Introduction
CoDA showcases a selection of the modernist diaries of American poet and novelist Emily Holmes Coleman (1899-1974). Coleman kept a diary for most of her adult life, beginning about the time of her expatriation to Paris in October 1926. Although she burned these earliest pages, she went on to preserve thousands more, from 1929 to 1970. This extant text is housed in The Emily Holmes Coleman Papers at the University of Delaware Library, Special Collections. CoDA is indebted to both the Delaware Library and to Joseph Geraci, Coleman’s literary executor, for their generous permissions to publish a portion of the diary and accompanying materials online.
As a project grounded in literary history, CoDA is focussed on Coleman’s first expatriate period in Europe, when she immersed herself in modernist art, culture, and communities. Her poems appeared in little magazines like transition, and she was noted for her ground-breaking treatment of postpartum depression in her surrealist novel The Shutter of Snow. Her network of friends, lovers, and acquaintances included pivotal creative and intellectual figures of the day such as George Barker, Djuna Barnes, Kay Boyle, T.S. Eliot, Emma Goldman, Peggy Guggenheim, Ernest Hemingway, Humphrey Jennings, Dylan Thomas, and Antonia White. From 1929 to 1937 (at which point she returned to the U.S.), Coleman served as an intimate chronicler of the times. She produced about one thousand leaves of her journal in largely typed, single-spaced manuscript pages; it was her habit to type two columns, or leaves, per horizontal letter-sized page, writing by hand in general only if her ribbon was used up or if she could not access a typewriter when travelling. Her method of composition signals her public aspirations for the document, for she came to view it aesthetically and deserving of an audience. Her diary is a testament to her conviction that “Life is the rough draft of art,” and to her ongoing agenda to translate the rough draft of her life into an enduring literary work.
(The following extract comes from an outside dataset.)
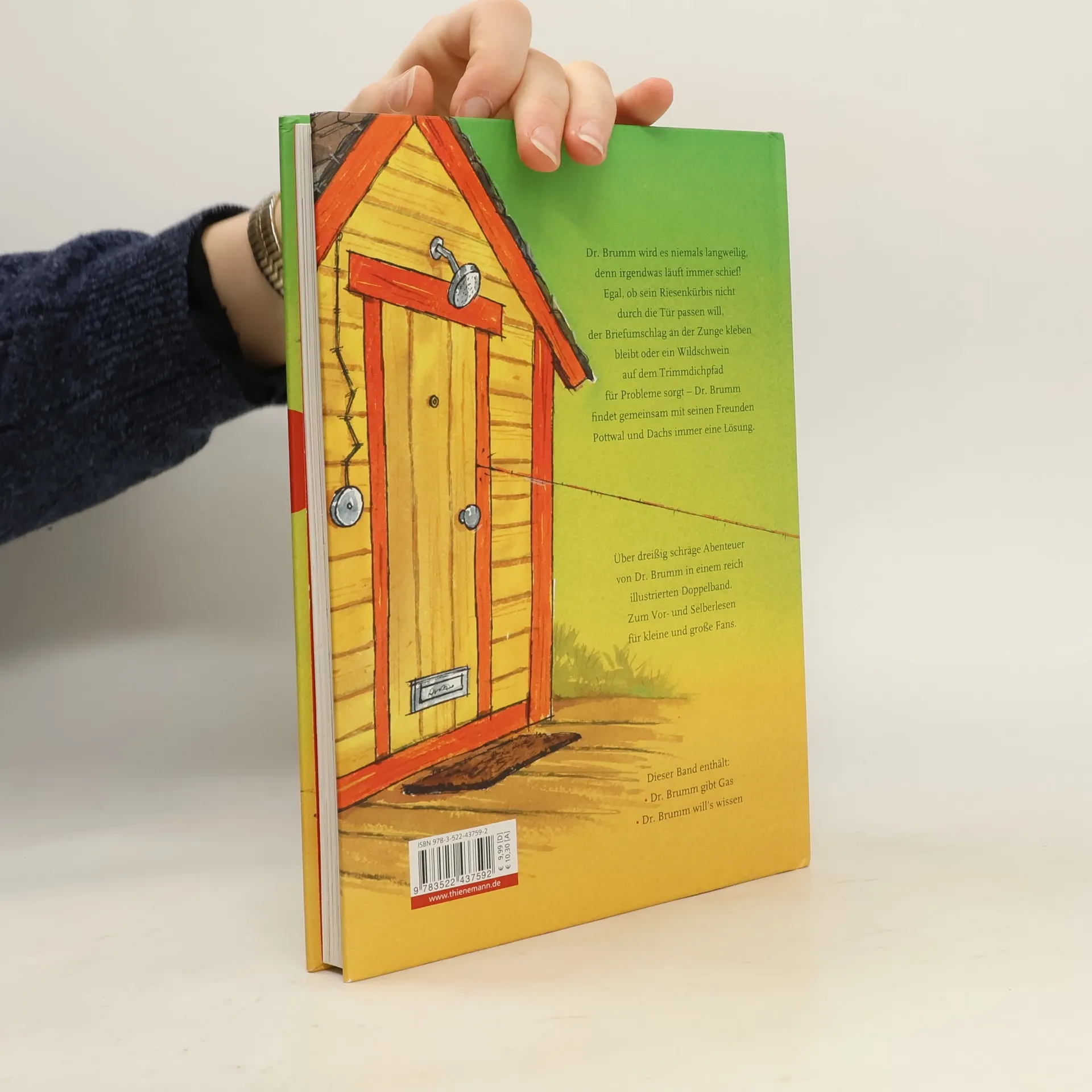 Ein Dr.-Brumm-Best-of für Kinder ab 4 Jahren. Dr. Brumm wird es niemals langweilig, denn irgendwas läuft immer schief! Egal, ob sein Riesenkürbis nicht durch die Tür passen will, der Briefumschlag an der Zunge kleben bleibt oder ein Wildschwein auf dem Trimmdichpfad für Probleme sorgt – Dr. Brumm findet gemeinsam mit seinen Freunden Pottwal und Dacks immer eine Lösung. Über dreißig schräge Abenteuer von Dr. Brumm, in einem reich illustrierten Doppelband. Zum Vor- und Selberlesen für kleine und große Fans.

In publishing a sample of 100 pages of this personal record, CoDA illuminates the contributions of Coleman and her circle to transatlantic modernism. The exhibit includes scans of Coleman’s typed diary pages as well as transcribed versions (with footnotes) for comparison. The site also contains a personography and some photographs of those mentioned in the sample text. Our aim, over time, is to publish the complete modernist diary along with related scholarly articles, and to offer a comprehensive encyclopedia and an interactive map. CoDA is based on Rough Draft: The Modernist Diaries of Emily Holmes Coleman, 1929-1937 (Rowman & Littlefield/University of Delaware Press, 2012), edited by CoDA Project Director and Principal Investigator Elizabeth Podnieks.